In our validation cohort, the prevalence of pure ground glass nodules was notably higher among women, non-smokers, and individuals under 60 years, aligning with other researchers observations [36, 37]. The reasons behind this pattern remain uncertain and warrant further investigation.

Previous study [34] have identified risk factors for differentiating PIL from IAC in pGGNs. However, Dai et al [38] found that using a single CT feature qualitatively has limited diagnostic value for differentiating PIL from IAC in pGGNs. A combination of both quantitative and qualitative CT features has shown effective in determining the invasiveness of pGGNs. Predictive models for IAC in pure ground glass nodules have been developed by several researchers. Hu et al. [11] suggested a model integrating multiple imaging characteristics for predicting invasiveness. Similarly, Min et al. [18] and Liu et al [39] emphasized the efficacy of combining quantitative and qualitative features in their diagnostic models. Yet, these models, primarily based on small, single-cohort studies, lack comprehensive validation, reducing their clinical applicability. Based on the high-level evidence of meta-analysis, we for the first time use regression coefficient combined with the results of meta-analysis to establish a prediction model. For validation, 512 patients with pure ground glass nodules from The Third Affiliated Hospital of Kunming Medical University were included. This is a large sample validation compared to previous studies, making the results more robust. Compared to previous studies [22, 26], our model shows a better predictive performance, with an AUC of 0.88 (95% CI: 0.852–0.909), with 81% sensitivity and 80% specificity. Additionally, calibration curves and decision analysis were conducted, yielding favorable results. This model can effectively identify IAC in pure ground glass nodules, thus aiding treatment decisions.

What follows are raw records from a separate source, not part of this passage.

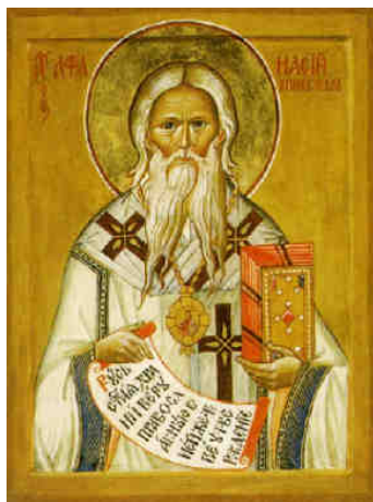
Свт. Афанасий. Волочкова И.В. (храм свт. Николая на Маросейке). Икона. Москва. 2000 г. Храм свт. Николая на Маросейке (в Клёниках)

Полностью восстановлена ныне гражданская справедливость в отношении владыки Афанасия: к 1998 г. он был реабилитирован (посмертно) по всем делам, по которым был судим, начиная с 1922 г. ...» [«Житие святителя Афанасия», М., 2000].
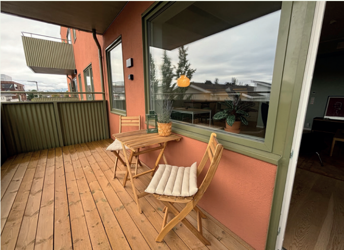
Balkong med rekkverk kledd med sinusplater.

på salget, på tross av et tøft boligmarked. Kjøperne er både par og folk som bor alene, med en miks av yrkesaktive og pensjonister, forteller Söder.
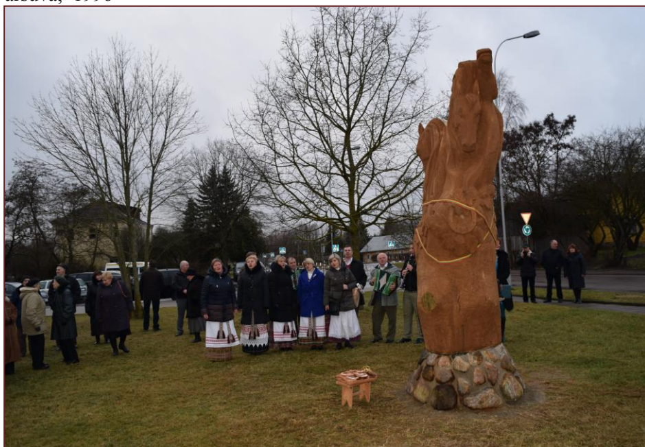
skulptūros simbolinio atidengimo akimirka
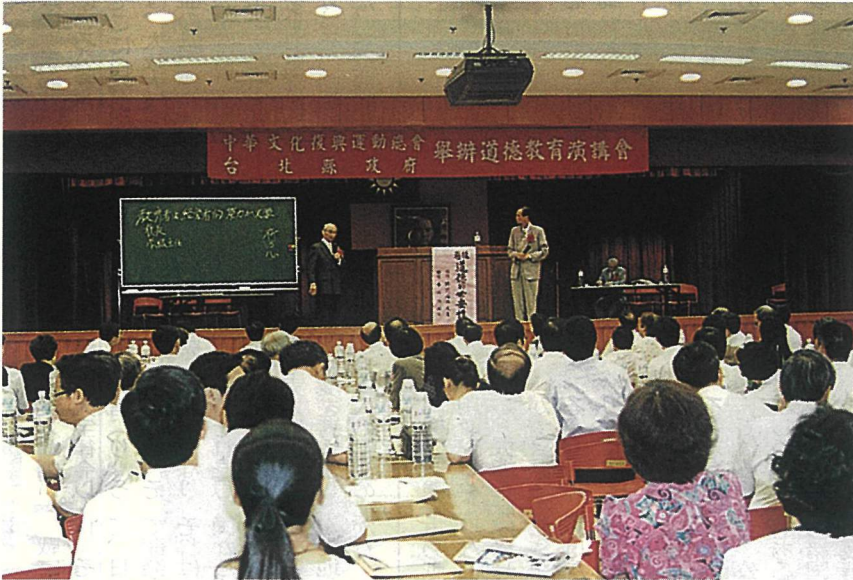
文化總會で記念講演を行う穂苅講師

「道徳教育交流」が一周年を記念して、同研究所柏生涯学習センターが主催する「道徳教育の記念講演会」が七月三日、台北県政府講堂で開かれた。
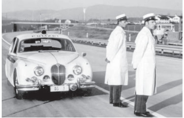
Standesgemäss: Die neu gegründete Autobahnpolizei mit Jaguar-Streifenwagen

Ihren Hauptschwerpunkt setzt die Kantonspolizei Aargau seit Monaten auf die Bekämpfung der grassierenden Einbruchskriminalität. Die Grenznä-
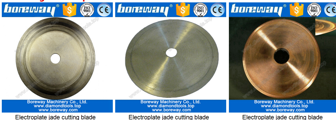
Electroplate jade cutting blade

Si no ve el producto que desea, por favor, póngase en contacto con nosotros para obtener más imágenes de productos.
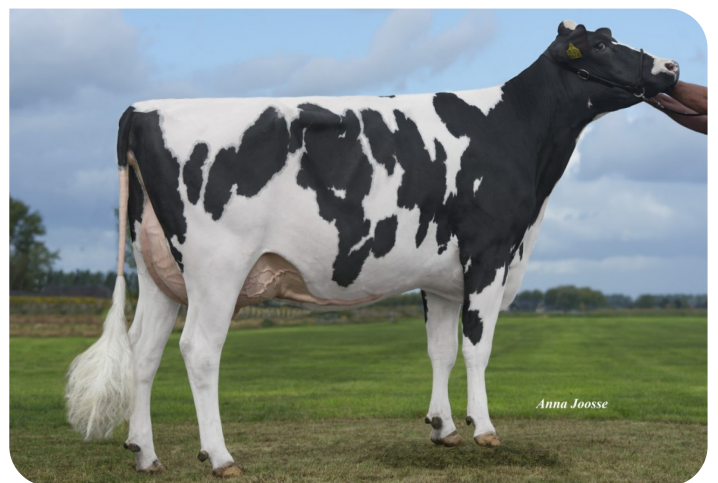
De Volmer DG Caylee (VG 86) (grootmoeder van Casimir)
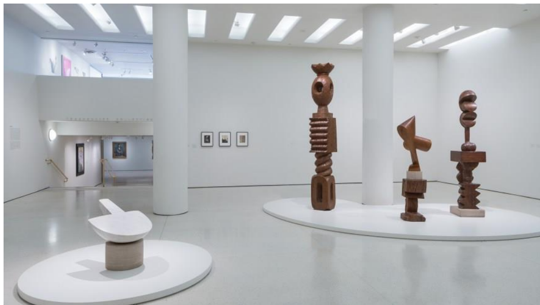
Рис. 3. Приклад застосування хроматичного фону стін. Музей Соломона Гуггенхейма в Нью Йорку

З цієї ж причини в виставковому просторі часто виключають драматичні та динамічні кольори стін: нейтральний колір має тенденцію відповідати більшій кількості різноманітних подій, ніж яскравий та сміливий. Білий колір має свої переваги і приносить певну користь для виставкового простору і експонатів різними способами. Наприклад, білий колір відбиває світло і робить простір більше і яскравіше, ніж він є (рис. 3).
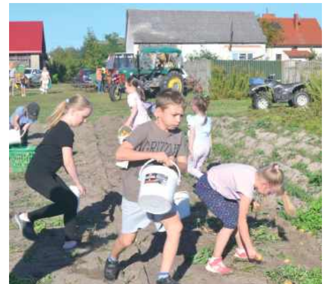
Najmłodszy również świetnie się bawił
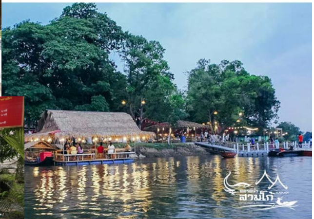
นั่งสูดพลังงาน สายลม แสงแดดวันสุดท้ายของวันที่ริมน้ำ ที่ไปจากที่ใดก็ตาม
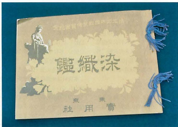
図1 『第五回内国勸業博覧会紀念染織鑑』表紙
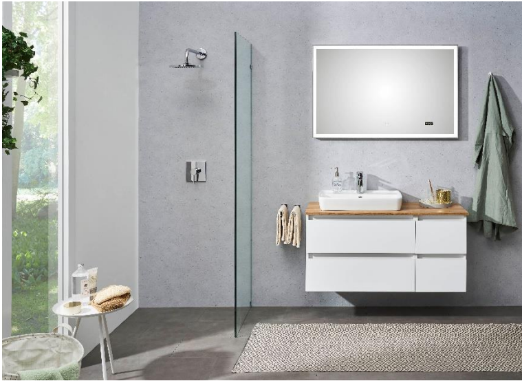
Funktionsspiegel mit Effektlucht und Digitaluhr (Programm Balu)
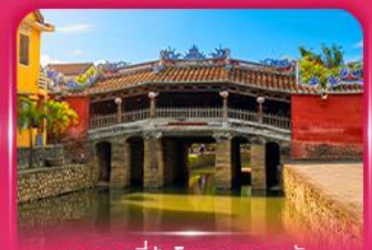
สะพานญี่ปุ่นโบราณ ฮอยอัน
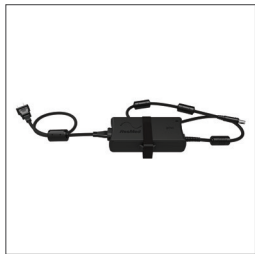
90W Strømforsyning 37346
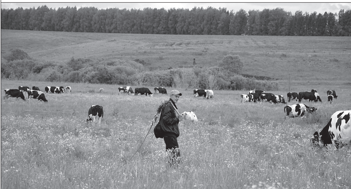
На пастбище СПК «Оборона страны».
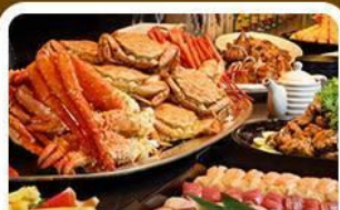
บุฟูฟัดชาบู+ยาปู 3 ชนิด
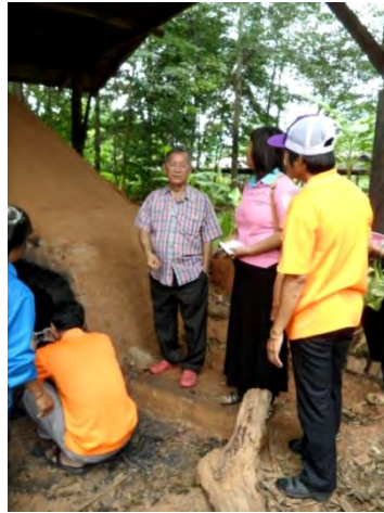
อธิบายเตาเผาถ่านภายในศูนย์การเรียนรู้ มหาชีวาลัยอีสานกับคณะครู
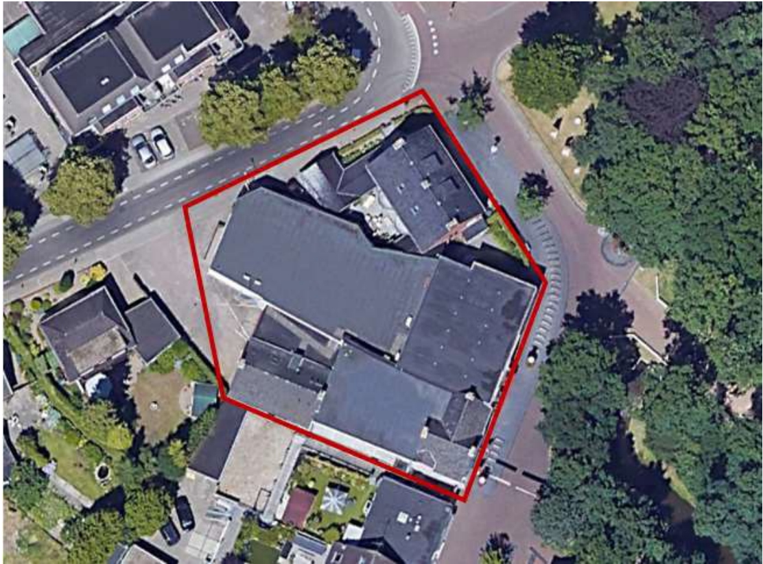
Figuur 2. Luchtfoto projectgebied (rode kader).
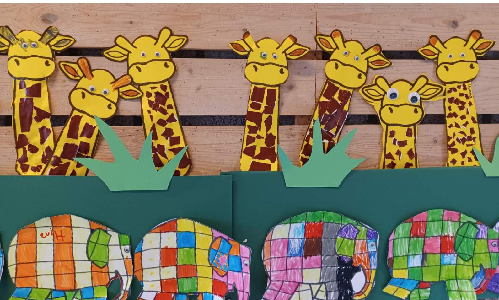
Thema dieren Groep 1/2
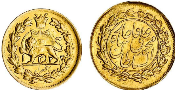
لوحة (٢٩) نصف تومان يساوي ٥٠٠٠ دينار، وزنه ١,٤١ جرام، ضرب طهران ،
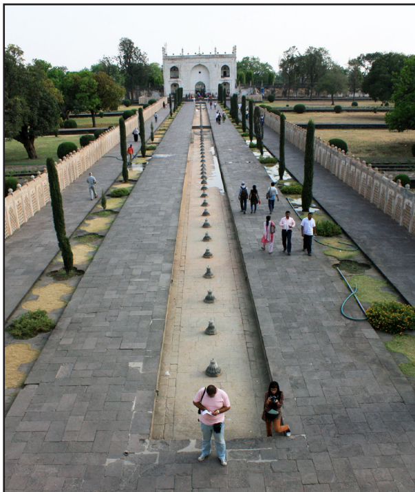
تصویر ۸. استفاده از حوض با آب ساکن در محور باغ هندی، باغ مقبره بی بی کا، اورنگ آباد، ۱۳۹۱.
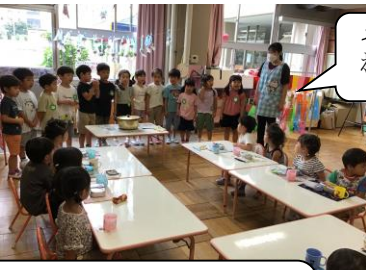
そら組さんが届けてくれたよ!
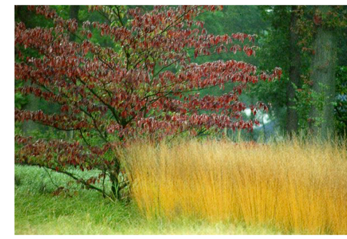
Referenz Gräser mit Sträucher
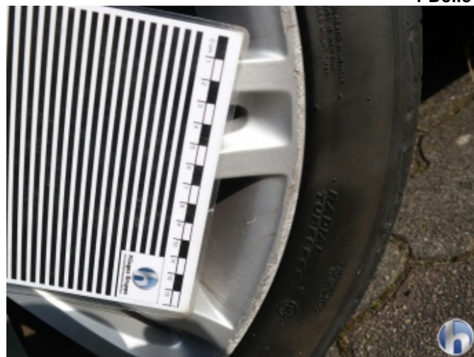
2. Felge (Aluminium) hinten rechts
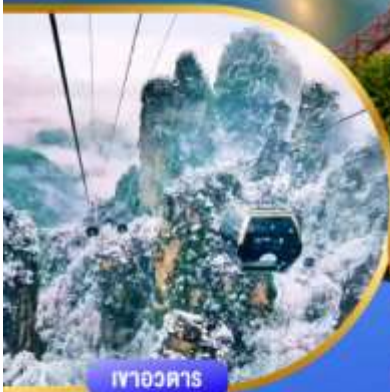
เทาอวดตาร
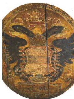
Vývesný štít pošty v Hôrke

Vo Svätom Ondreji v rokoch 1850- 1854 mal sídlo a fungoval okresný súd. V 13. storočí tu bol postavený kostol, ktorý bol v 18. storočí prestavaný. Obec preslávili aj minerálne pramene, ktoré vplyvom banskej činnosti sa skoro všetky v 50. rokoch stratili.
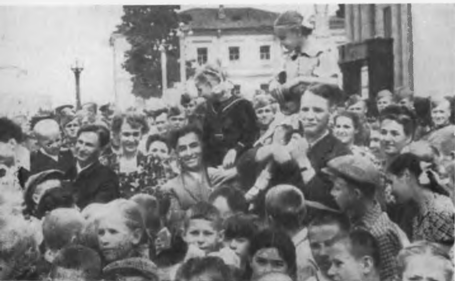
В Минске. Участники обороны Брестской крепости встретились с пионерами.
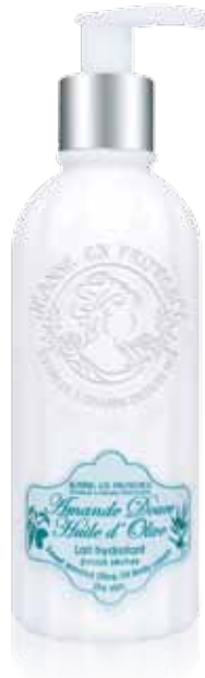
Lait hydratant pour le corps Moisturizing body cream Leche corporal 250ml PF01641 50ml PF01721
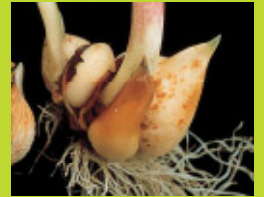
チューリップ/かいよう病
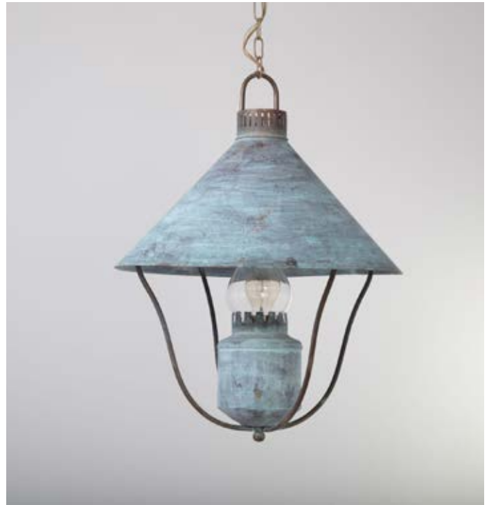
Suspension Grange - Finition vert de gris Grange pendant, verdigris

The Grange lantern is a subtle reinterpretation of the kerosene lamps of yore. The spout and glass create a sense of nostalgia despite the fact that it is an electric lamp. Ideal for a kitchen, hallway or barn.
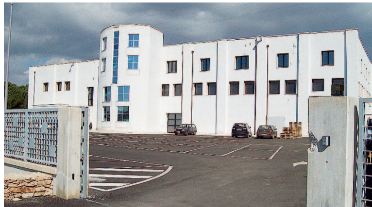
L'IDEA Lo strumento di sostegno finanziario progettato dalla Diocesi di Ugento. A sinistra l'auditorium di Alessano, dove vanno indirizzate le domande

Si punterà sul finanziamento non solo di iniziative individuali, ma anche di progetti presentati da più soggetti, finalizzati alla costituzione di cooperative soprattutto a carattere sociale. Il progetto verrà avviato subito dopo Pasqua, nella prima metà di aprile. Le istanze possono essere presentate al Centro servizi diocesano «Progetto Policoro», con sede nell'auditorium don Tonino Bello di Alessano, sulla statale 275 (tel. 0833784105). I contributi invece possono essere versati sul conto corrente postale 12647731 e sul conto corrente bancario IT40Y0358901600010570279252, entrambi intestati alla diocesi di Ugento.
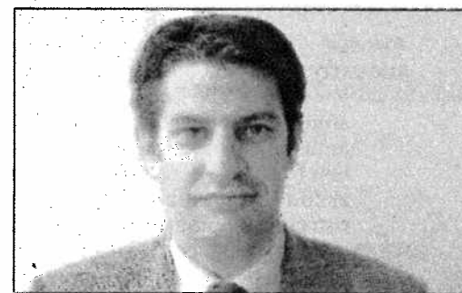
ANALISI DI ASSINDUSTRIA «Servono innovazione e infrastrutture»

Our study has certain limitations. Firstly, due to variations in study design and CT scan parameters, heterogeneity across the literature is unavoidable. Secondly, the inclusion of only retrospective studies might introduce selection bias. Thirdly, as all studies were conducted in China, this may restrict the broader applicability of our findings. Lastly, the validation cohort was derived from a single center, limiting the model’s predictive efficacy testing. Multi-center patient testing is necessary for further validation.

Conclusion

The meta-analysis conducted led to the creation of a reliable and effective predictive model for assessing the risk of IAC in cases of pure ground glass nodules. This model integrates several key parameters, including the largest diameter, average CT values, indications of spiculation, and signs of pleural traction. It offers substantial utility in assisting clinicians in making informed decisions about the treatment of pure ground glass nodules.